▸ **Collected data**
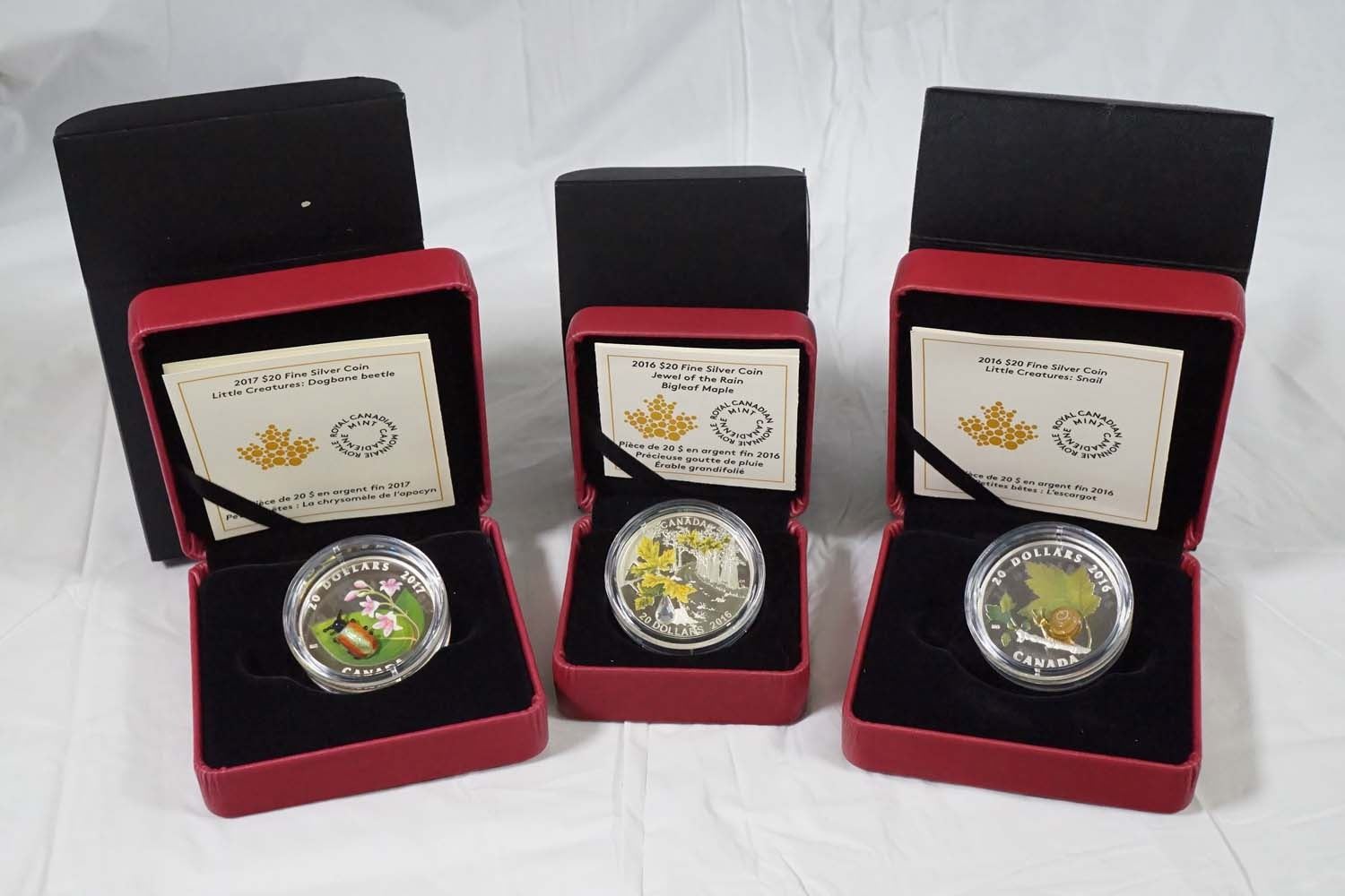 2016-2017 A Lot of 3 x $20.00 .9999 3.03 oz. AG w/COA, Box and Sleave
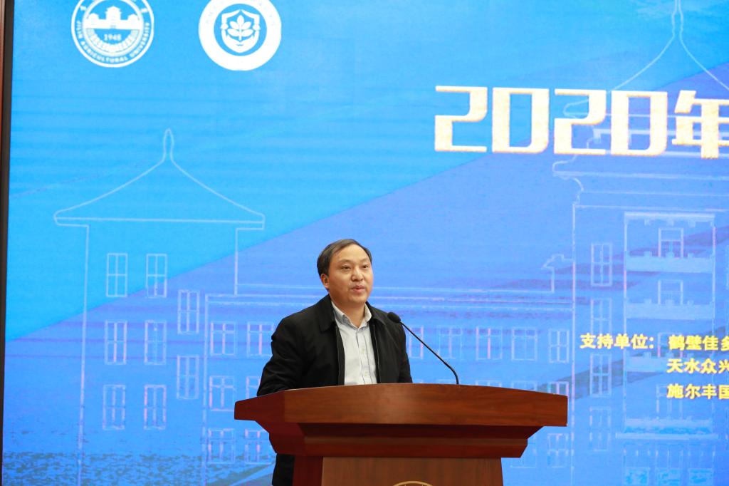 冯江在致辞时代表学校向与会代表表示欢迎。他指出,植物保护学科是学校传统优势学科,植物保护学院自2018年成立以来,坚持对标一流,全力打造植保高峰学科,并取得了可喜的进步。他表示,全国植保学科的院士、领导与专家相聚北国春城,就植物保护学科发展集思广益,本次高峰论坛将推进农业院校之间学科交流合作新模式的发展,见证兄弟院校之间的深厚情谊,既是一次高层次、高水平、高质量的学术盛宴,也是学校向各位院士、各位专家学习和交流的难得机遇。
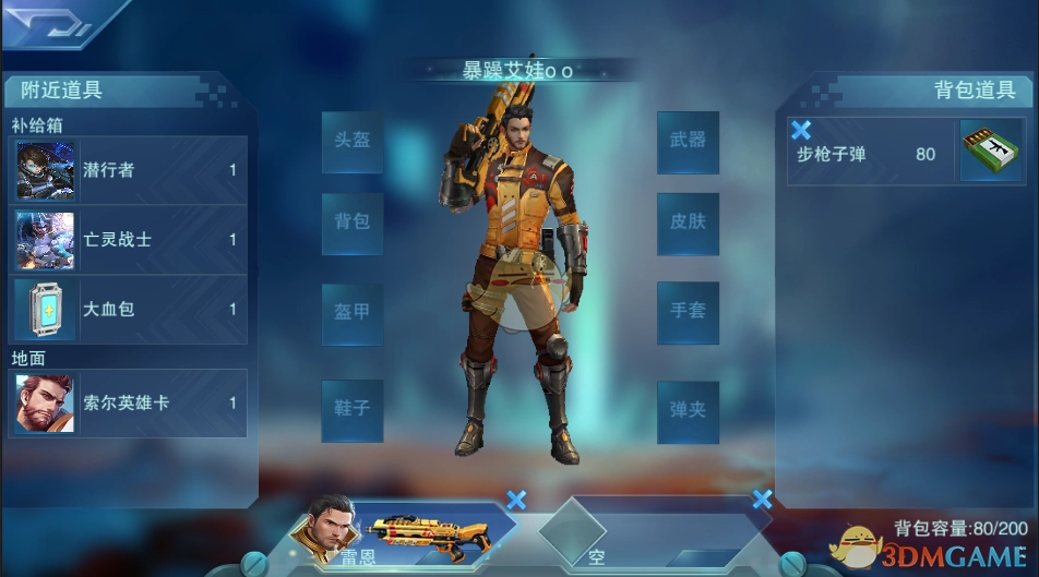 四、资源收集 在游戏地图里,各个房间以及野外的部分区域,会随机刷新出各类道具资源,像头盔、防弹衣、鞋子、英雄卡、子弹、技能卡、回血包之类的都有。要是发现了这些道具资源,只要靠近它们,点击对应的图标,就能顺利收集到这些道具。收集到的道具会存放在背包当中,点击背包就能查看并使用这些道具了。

▸ **Work task**
In the data above, please extract the lines from the first one through the line with "冯江在致辞时代表学校向与会代", exactly, and keep pictures out.

▸ **Completed exercise**
 2016-2017 A Lot of 3 x $20.00 .9999 3.03 oz. AG w/COA, Box and Sleave
 冯江在致辞时代表学校向与会代表表示欢迎。他指出,植物保护学科是学校传统优势学科,植物保护学院自2018年成立以来,坚持对标一流,全力打造植保高峰学科,并取得了可喜的进步。他表示,全国植保学科的院士、领导与专家相聚北国春城,就植物保护学科发展集思广益,本次高峰论坛将推进农业院校之间学科交流合作新模式的发展,见证兄弟院校之间的深厚情谊,既是一次高层次、高水平、高质量的学术盛宴,也是学校向各位院士、各位专家学习和交流的难得机遇。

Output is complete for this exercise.